UNITED STATES
SECURITIES AND EXCHANGE COMMISSION
Washington, D.C. 20549
FORM 8-K
CURRENT REPORT
Pursuant to Section 13 or 15(d) of the Securities Exchange Act of 1934
Date of Report (Date of earliest event reported) June 29, 1999
CENTURYTEL, INC.
(Exact name of registrant as specified in its charter)
Louisiana 1-7784 72-0651161
(State or other (Commission File (IRS Employer
jurisdiction of Number) Identification No.)
incorporation)
100 Century Park Drive, Monroe, Louisiana 71203
(Address of principal executive offices) (Zip Code)
Registrant's telephone number, including area code (318) 388-9000
Item 5. Other Events.
On June 29, 1999, the Registrant entered into a definitive agreement to purchase
from an affiliate of GTE Corporation ("GTE") assets comprising substantially all
of GTE's local telephone operations in Arkansas. In exchange, the Registrant has
agreed to pay $843.35 million in cash, subject to certain adjustments described
below.
The assets to be purchased will include all telephone access lines (which
numbered approximately 213,650 as of December 31, 1998) and related property and
equipment comprising GTE's local exchange operations in 103 exchanges in
predominantly rural and suburban markets throughout Arkansas, several of which
are adjacent to properties currently owned and operated by the Registrant. The
assets to be purchased will not include (i) GTE's Cellular, PCS, inter-LATA long
distance or internet operations, (ii) GTE's inter-LATA fiber optic network
assets or (iii) any rights under GTE's billing and collection contracts and
certain other agreements. The Registrant will not assume any liabilities of GTE
other than those associated with contracts, employees, customer deposits and
certain other assets transferred in connection with the sale. The purchase price
will be adjusted to, among other things, (i) reimburse GTE for certain
pre-closing costs and (ii) compensate the Registrant if GTE fails to attain
certain specified pre-closing capital expenditure targets. The aggregate effect
of these adjustments is not expected to be material.
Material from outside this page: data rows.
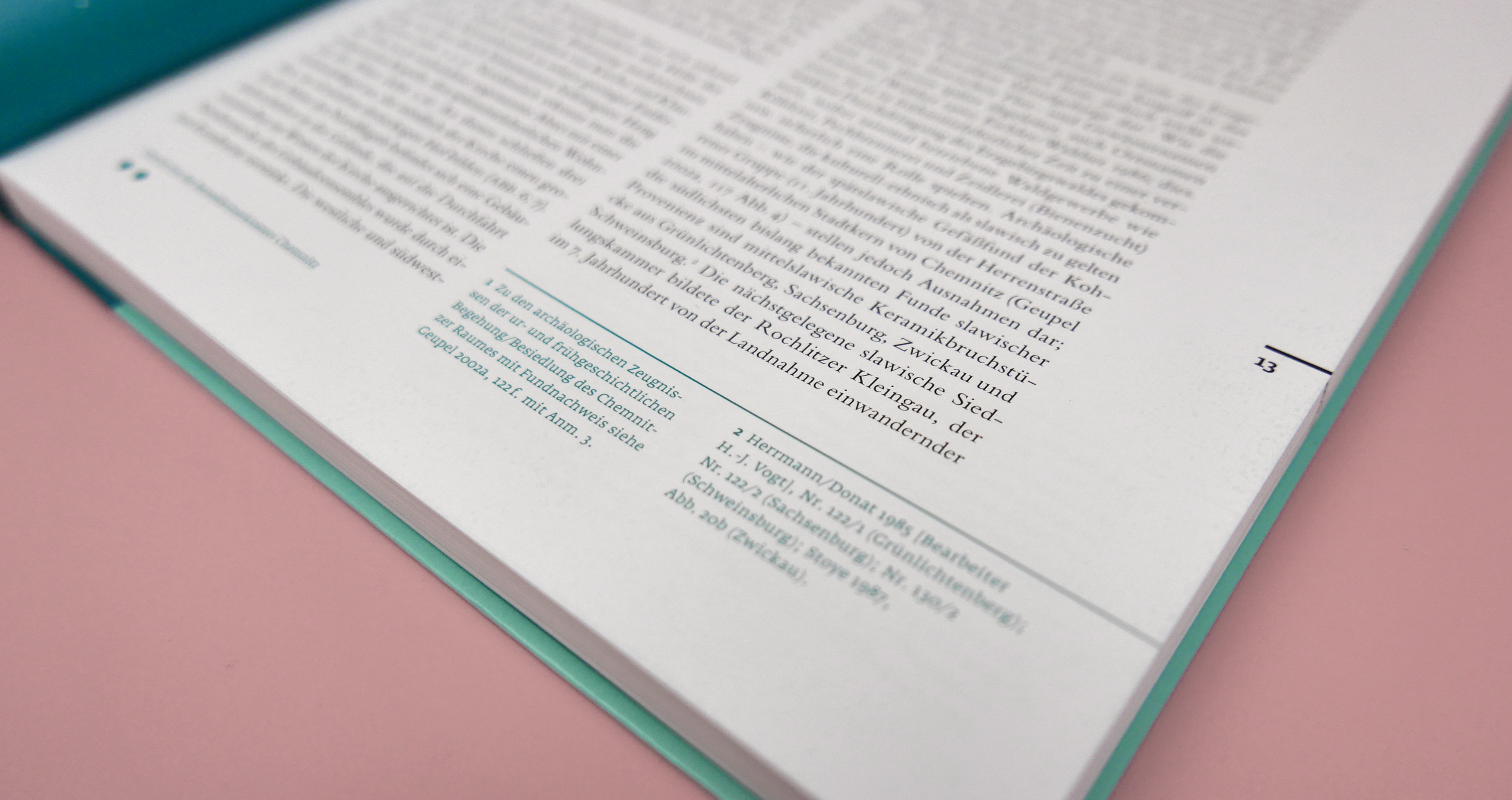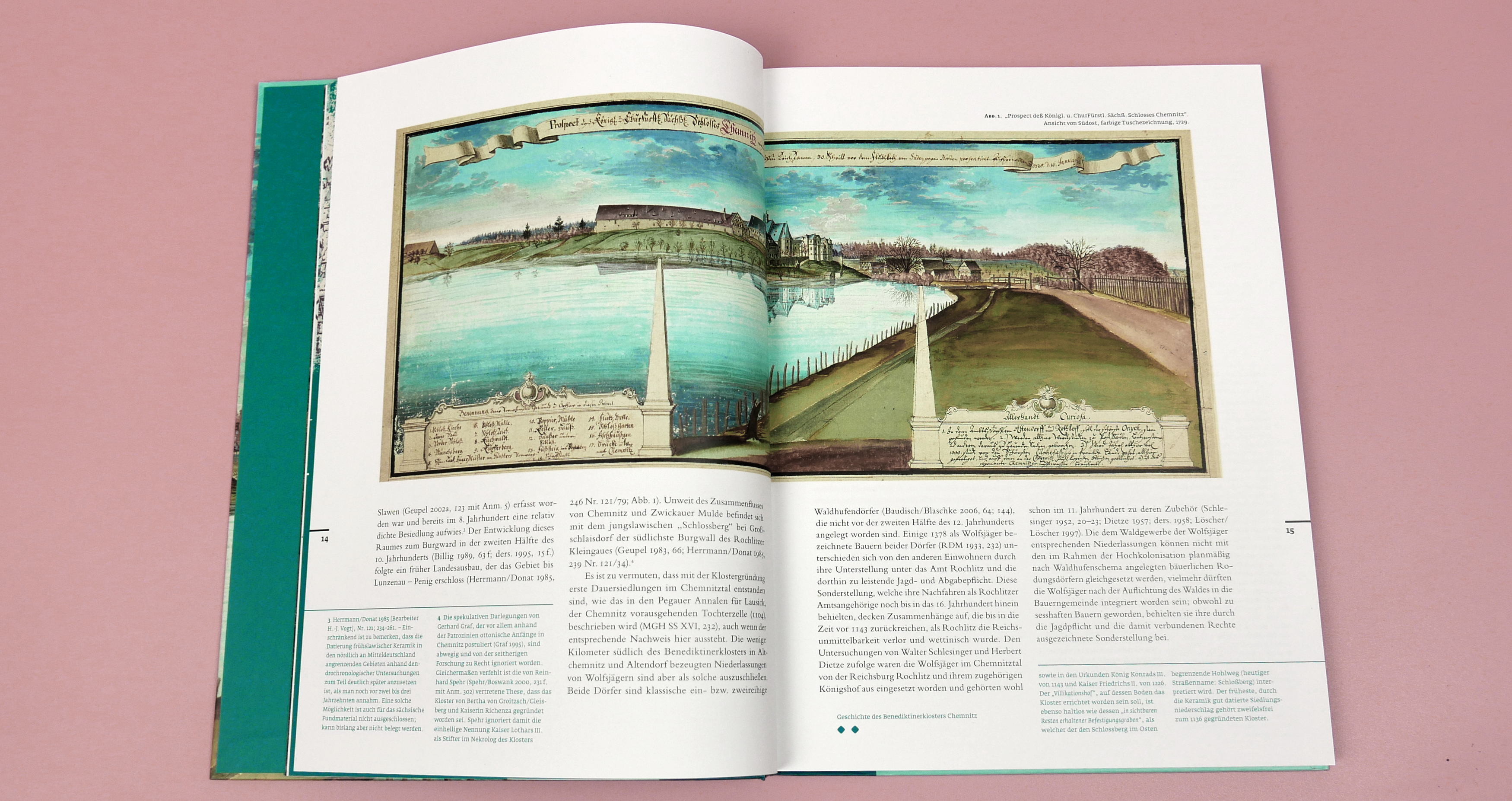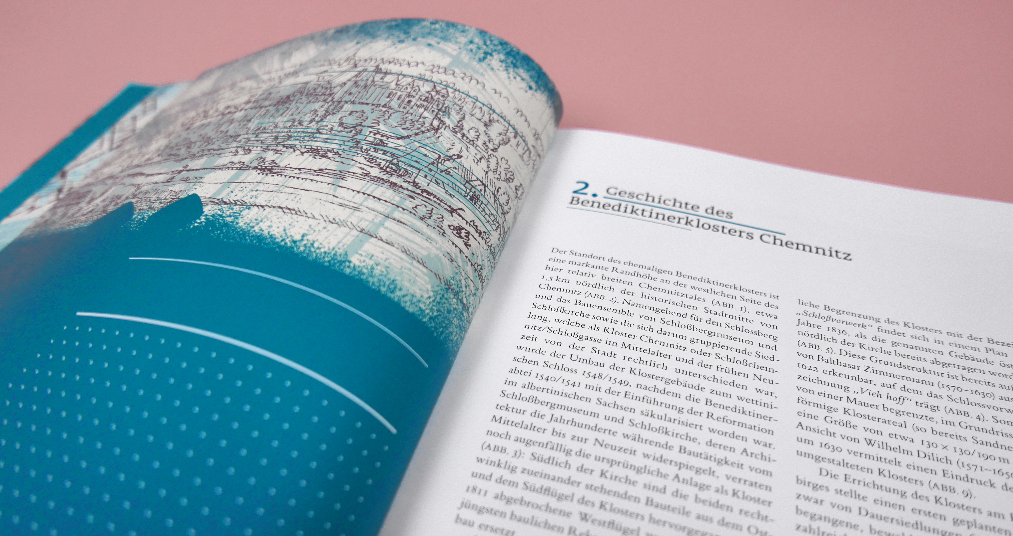 Anlässlich des Chemnitzer Stadtjubiläums 2018 wurden mit diesem Buchprojekt die Grabungen im ehemaligen Benediktinerkloster vorgestellt. Die darin enthaltenen wissenschaftlichen Auswertungen stellen einen wichtigen Beitrag zur Stadtgeschichte dar. Mit klarem Satz, dezenten grafischen Elementen und feinen Details wie z. B. den petrolfarbenen springenden Fußnoten genügt die Gestaltung den Anforderungen wissenschaftlicher Strenge und erweckt gleichzeitig das Interesse eines breiteren Publikums. Hardcover, Vorsatzpapier Surbalin, Format 21,5/28,5cm, 168 Seiten.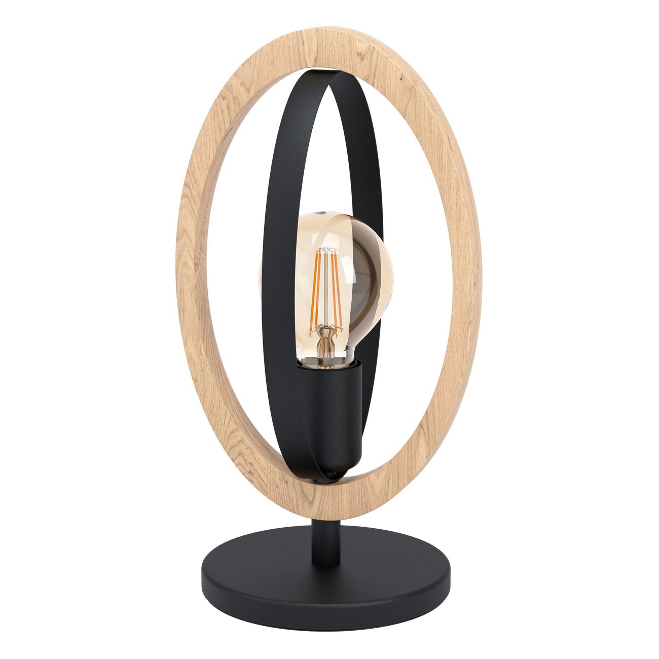 Eglo 43464 BASILDON - Originální stolní lampička v kombinaci světlého dřeva s černými prvky, 1x E27, s vypínačem na kabelu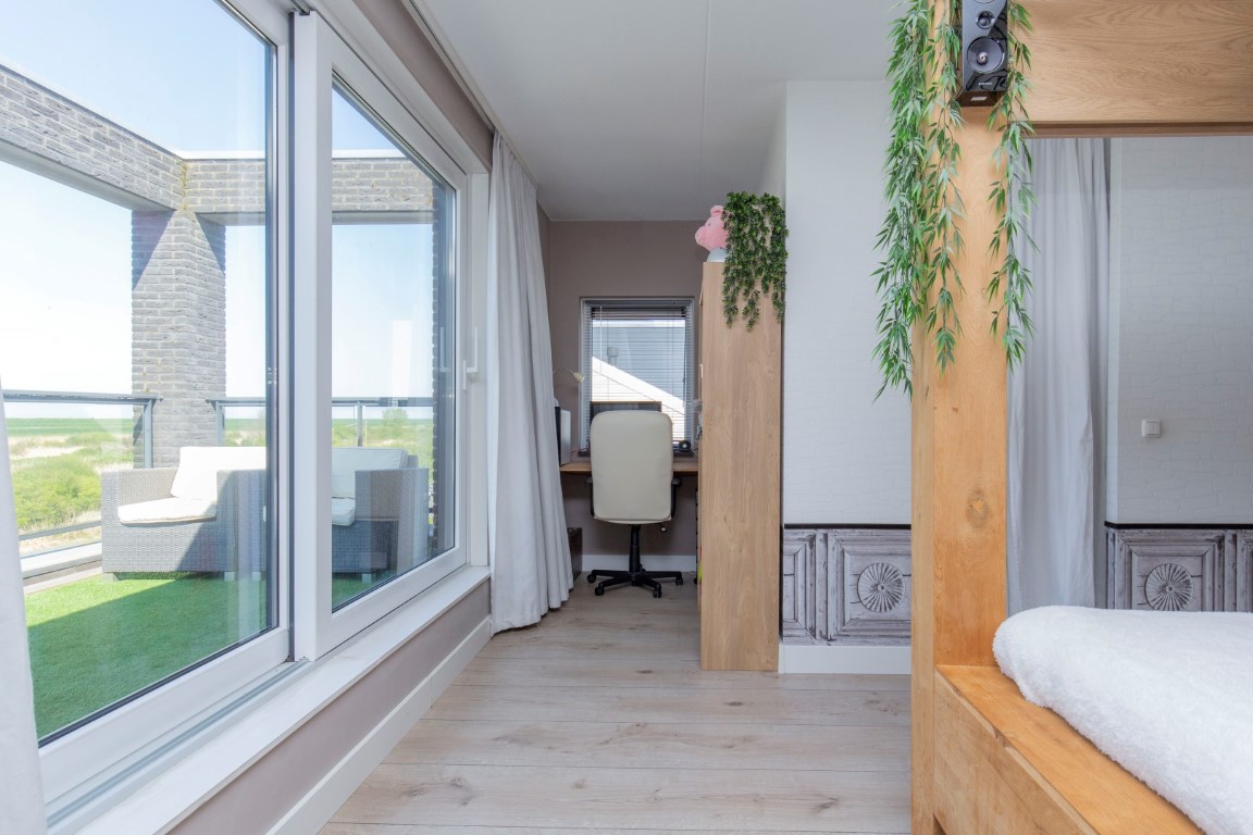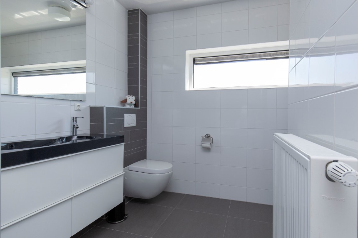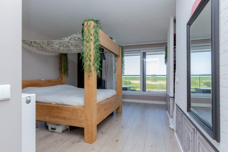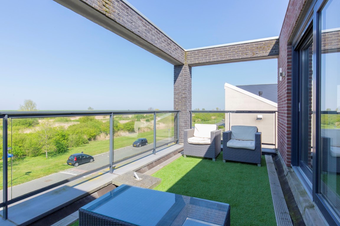 2e verdieping: grote ouderslaapkamer voorzien van inloopkast, eigen badkamer met dubbele wastafel, vrijhangend toilet, een (extra groot en diep) ligbad met douchegelegenheid en tegelwerk tot plafondhoogte. De slaapkamer is voorzien van airco. Tevens is er ruimte voor een werkplek. Aan de voorzijde is middels een schuifpui het royale dakterras te bereiken. U heeft hier fantastisch vrij uitzicht op het natuurgebied, de Oostvaardersdijk en het Markermeer. Echt een unieke locatie om te bewonderen.
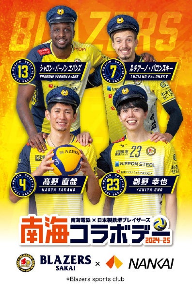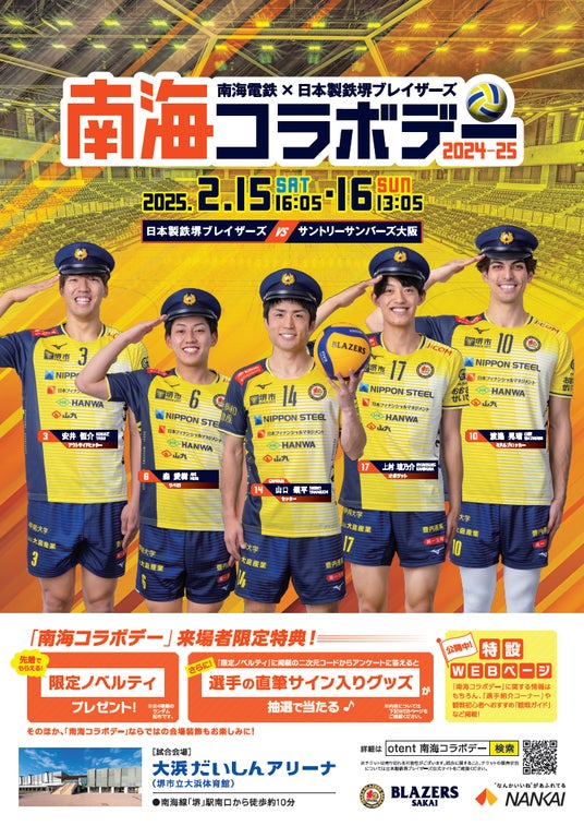 南海電気鉄道株式会社(代表取締役社長:岡嶋 信行、以下「南海電鉄」)、株式会社ブレイザーズスポーツクラブ(代表取締役社長:田下 昌孝、以下「日本製鉄堺ブレイザーズ」)では、2025年2月15日(土)、16日(日)に大浜だいしんアリーナで開催する日本製鉄堺ブレイザーズのホームゲームを共に盛り上げるべく、「南海コラボデー2024-25」と題し、南海電鉄と日本製鉄堺ブレイザーズのコラボ企画を開催します。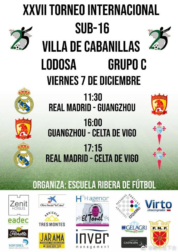 卡瓦尼利亚斯U16国际邀请赛是由西班牙北部地区里贝拉足球学校主办的一项青年队赛事,本届共有12支球队参赛,分为四个小组,除了皇家马德里、巴塞罗那等本土球队外,还有卡塔尔阿斯拜尔学院和广州恒大两支国外球队参赛。具体分组如下: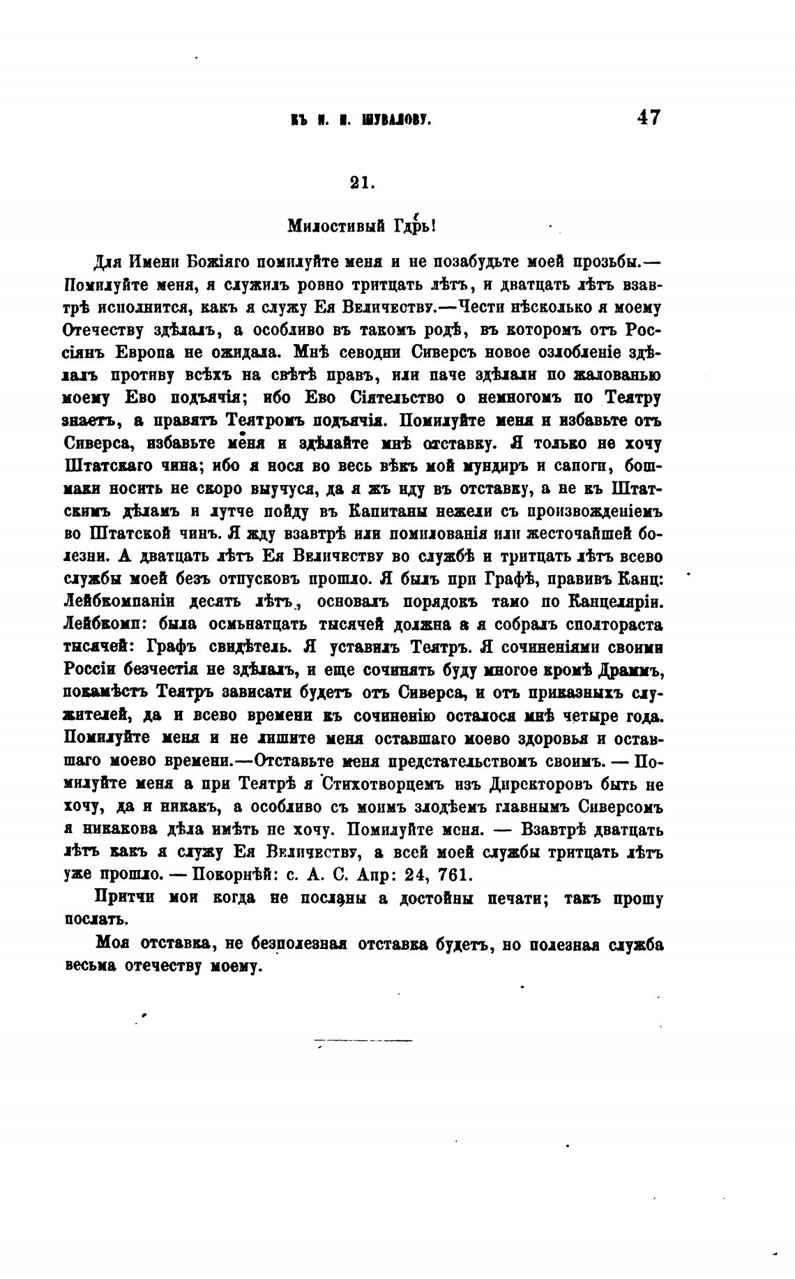 Помилуйте меня, я служилъ ровно тритцать л±тъ, и дватцать Ать взав-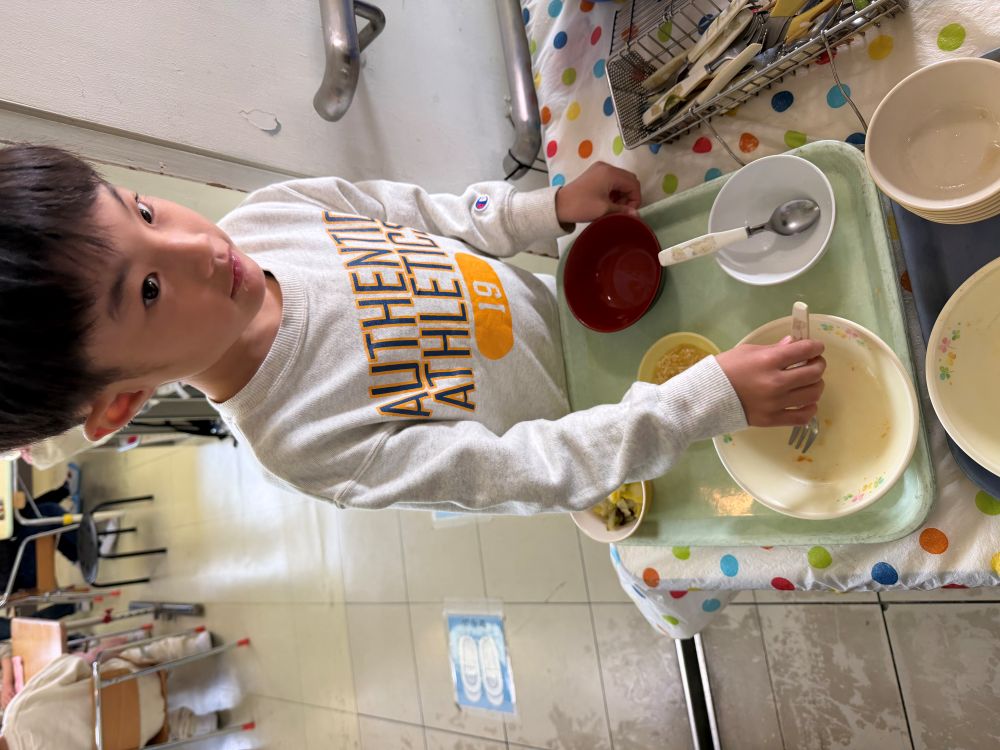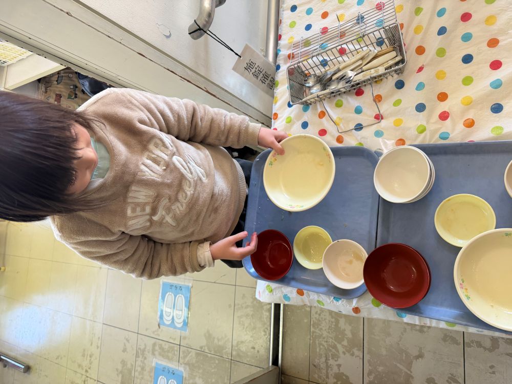 給食を食べ終わったら、自分たちで食器の片づけを行なっています。始めは1つずつ職員と行ない、今では自ら進んで片付けています。保護者の方から「食べた食器を片付けてくれるようになりました」と嬉しい報告がありました。これからもキャロットで身の回りのできることを増やしていきたいと思います。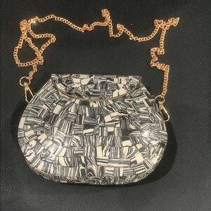 Ramla Moroccan Black and White Geometric Clutch with Gold Chain

Consummation of the transaction is subject to, among other things, (i) the
receipt of approvals from the Federal Communications Commission and the Arkansas
Public Utilities Commission, (ii) compliance with the notification and waiting
period requirements under the Hart-Scott-Rodino Antitrust Improvements Act of
1976, (iii) the receipt of various third party consents, including releases from
GTE bondholders terminating liens on the transferred assets, and (iv) various
other customary closing conditions. The Registrant has agreed to pay GTE
approximately $42.2 million if the transaction is not consummated under certain
specified conditions, including its incapacity to finance the transaction.
Additional information regarding the acquisition is set forth in the
Registrant's press release announcing the transaction, which is filed as Exhibit
99.1 hereto and is incorporated in its entirety by reference herein.
SIGNATURE
Pursuant to the requirements of Section 12 of the Securities Exchange
Act of 1934, the Registrant has duly caused this report to be signed on its
behalf by the undersigned thereunto duly authorized.
CENTURYTEL, INC.
By: /S/ Neil A. Sweasy
-------------------------------
Neil A. Sweasy
Vice President and
Controller
Dated: July 9, 1999
Exhibit 99.1
FOR IMMEDIATE RELEASE FOR MORE INFORMATION CONTACT:
June 29, 1999 Media: Patricia Cameron (318) 388-9674
[email protected]
Investors: Jeffrey S. Glover (318)388-9648
[email protected]
CenturyTel signs definitive agreement to purchase GTE's
local exchange properties in Arkansas
Monroe, LA. . .CenturyTel, Inc. (NYSE Symbol: CTL) signed a definitive asset
purchase agreement today to purchase GTE's local exchange assets in Arkansas. In
exchange, CenturyTel will pay GTE $843.35 million in cash, subject to certain
adjustments that are not expected to be material. The transaction is expected to
close in the first quarter 2000, pending regulatory approvals and certain other
closing conditions.
CenturyTel anticipates that at the time of closing these markets will encompass
230,000 access lines. In addition, CenturyTel expects these properties to
generate annualized revenues of approximately $165.3 million, and produce
annualized cash flow of nearly $92.5 million during the first year of operation.
"This acquisition represents another important step in executing our strategies
to geographically cluster our operations and to acquire properties that provide
opportunities for synergies and revenue growth," Glen F. Post, III, President
and CEO of CenturyTel, said. "These properties complement CenturyTel's existing
local telephone and wireless operations in the state, and will position us to
offer additional communications services to our customers."
Long-term financing plans are not yet complete and will be dependent upon
CenturyTel's review of its alternatives and market conditions. CenturyTel
currently expects to fund the purchase price initially through bank credit
facilities. Assuming that 50% of the purchase price is financed with convertible
debt securities and using current interest rates, CenturyTel believes the
acquisition will be one or two cents dilutive to 2000 earnings and accretive
thereafter.
The transaction will boost CenturyTel's access line ownership in Arkansas to
more than 275,000 lines as it becomes CenturyTel's second largest state in terms
of access lines served.
"CenturyTel has operated in Arkansas for more than 30 years, and this
transaction will allow us to further build upon our strong brand identity in the
state," Post said. "We believe our positive relationships with customers,
employees and regulators will benefit CenturyTel as we pursue the value-creating
opportunities brought about by this acquisition. The GTE properties serve some
excellent markets in the state, including Russellville, Jacksonville, Siloam
Springs and others, many of which are near thriving cities such as Little Rock,
Fayetteville, Bentonville and Fort Smith."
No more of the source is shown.